Patek Philippe 5059G Perpetual Calendar "Saatchi" Review
Published on 7/8/2026

The perpetual calendar is a thing of beauty. It shows the passing of time well beyond the hours, compensates for oddities such as months of differing lengths and leap years, and even shows the phases of the moon. It’s a breathtaking fusion of math, micromechanics, and the quirks and vicissitudes of the Gregorian calendar, rendered in mechanical form on the wrist.
No watchmaker offers a finer perpetual calendar than Patek Philippe, whose 5059 showcased the maison’s proud heritage of the complication when it was introduced in 1998. Patek Philippe developed the 315 S-QR self-winding movement with perpetual calendar and retrograde date hand, then placed it within a hinged officer’s case, made by master case maker Guillod & Cie in La Chaux-de-Fonds.

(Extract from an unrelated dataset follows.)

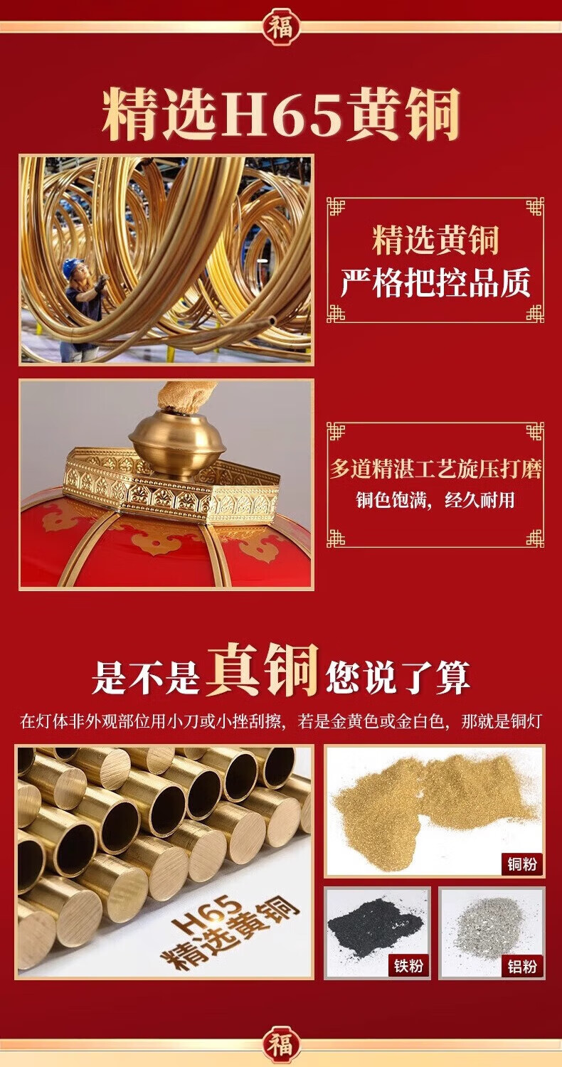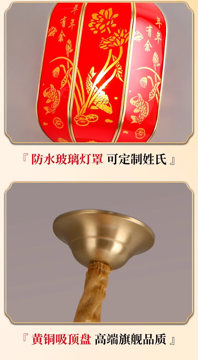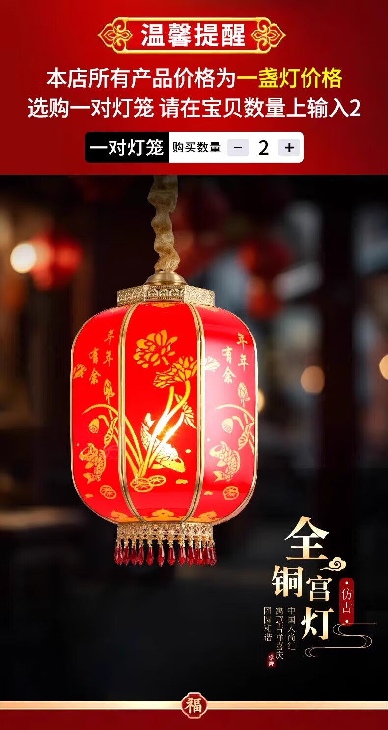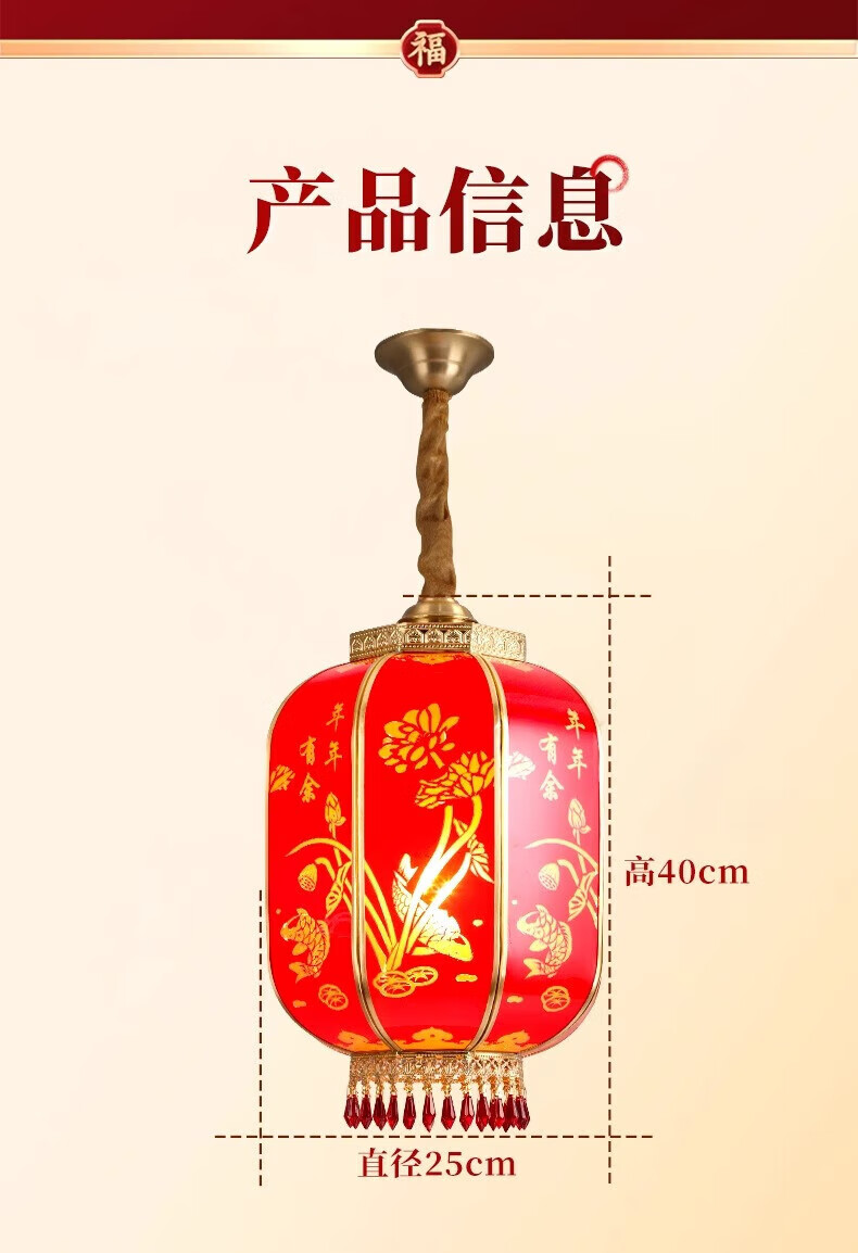 全铜宫灯阳台别墅中式灯笼明清古典福过年春节喜庆大门挂饰灯笼 金福款宫灯-直径25cm-1个全铜
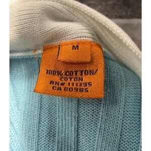 Tory Burch Retro Blue Ribbed V Neck Cardigan Gold Logo Buttons M

After a run of just 1,400 pieces, the 5059 went out of production in 2006. But in the watch world, what is dead can never die; in 2018, the model was revived as part of a limited Vintage Collection series in partnership with the London-based Saatchi Gallery. It’s powered by the automatic calibre 324 S QR, which runs the gamut of perpetual calendar functions, packing a retrograde date, day/night indicator, moonphase, leap year, and sweep seconds within an astonishingly compact 36mm white gold case.
While salmon dials have made a comeback in recent years, this specific shade was part of the first wave of the trend: a reflection of the “tropic” look found on truly vintage watches whose dials have aged over time. If you wear your perpetual calendar every day until the year 2100 (when the false leap year will throw a wrench into the works of our familiar calendar system), you just might be able to achieve the same effect.
For Patek Philippe collectors and perpetual calendar aficionados alike, the revival of a neo-vintage movement paired with the allure of a high-level complication from one of the world’s foremost practitioners is a pretty compelling argument to add it to the collection.